PART-TIME teachers now account for more than half of all university and college staff in the United States. Their presence helps institutions cut costs but has angered students and unions.
There are more than 565,000 part-timers, including research and teaching assistants, among the nation's 1.1 million faculty members, according to the National Education Association, the largest teachers' union.
Part-time staff teach about a quarter of all college courses offered. "It is hard to think of any other industry that uses so many part-time professionals as a regular part of their staff," the association reported.
College and university administrators say employing part-time staff cuts costs and enhances flexibility. They make about half as much as a full-time professor at a public two-year college and less than a third as much as a full-time university professor.
Part-time employees also have no job security and receive no medical benefits, which in the United States are usually paid for by employers.
These inequities have angered part-timers.

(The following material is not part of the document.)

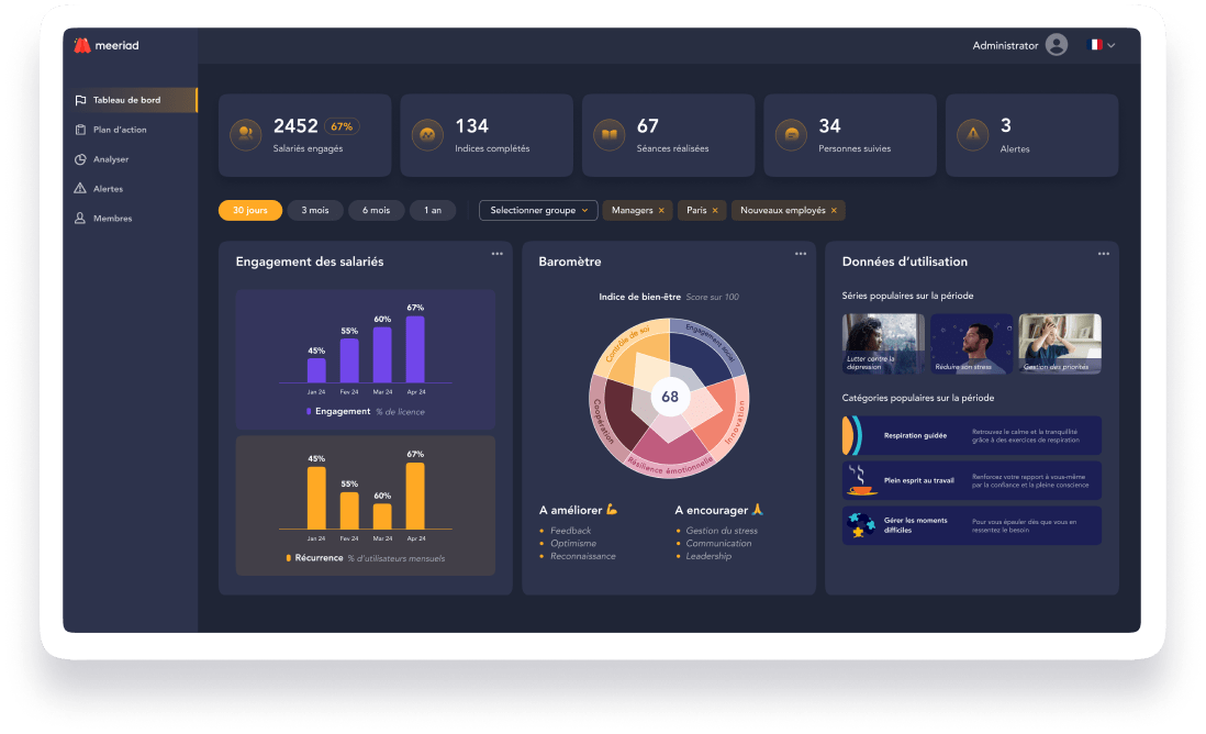 Mesurez le niveau d'engagement de vos collaborateurs, repérez les signaux faibles et engagez vos Managers dans l'amélioration de l'expérience des collaborateurs. Meeriad offre une solution facile à utiliser et personnalisable pour évaluer, comprendre et gérer l'engagement de vos équipes.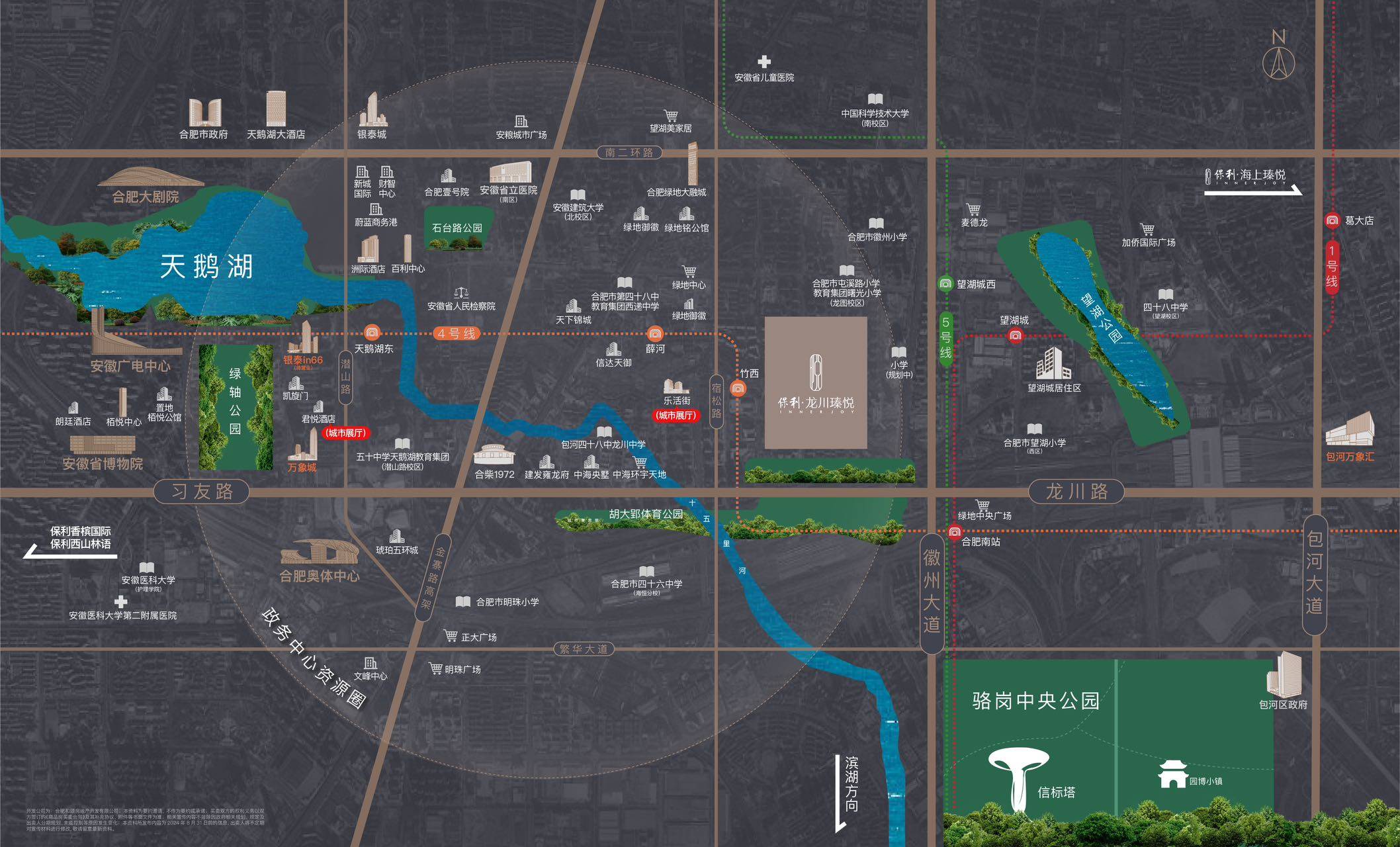 合肥保利龙川瑧悦位于包河区龙川路以北、潜口路以东(高铁板块核心区),交通出行方式以“双地铁+主干道+高铁”为核心,具体如下:

About 10 per cent of them have organised to seek better job conditions and more are trying to win union representation.
Ernst Benjamin, on the committee on part-time appointments for the American Association of University Professors, said: "Because they're so cheap, institutions really come to depend on them."
Full-time staff also resent part-timers, who they say limit their control of the curriculum. A meeting of full-time staff at the 14 state universities in Pennsylvania in January even agreed to give up higher salaries in exchange for a limit on part-timers.
Students, faced with escalating tuition fees, object to having many of their courses taught by low-paid, part-time faculty who are often unavailable for consultation outside the classroom.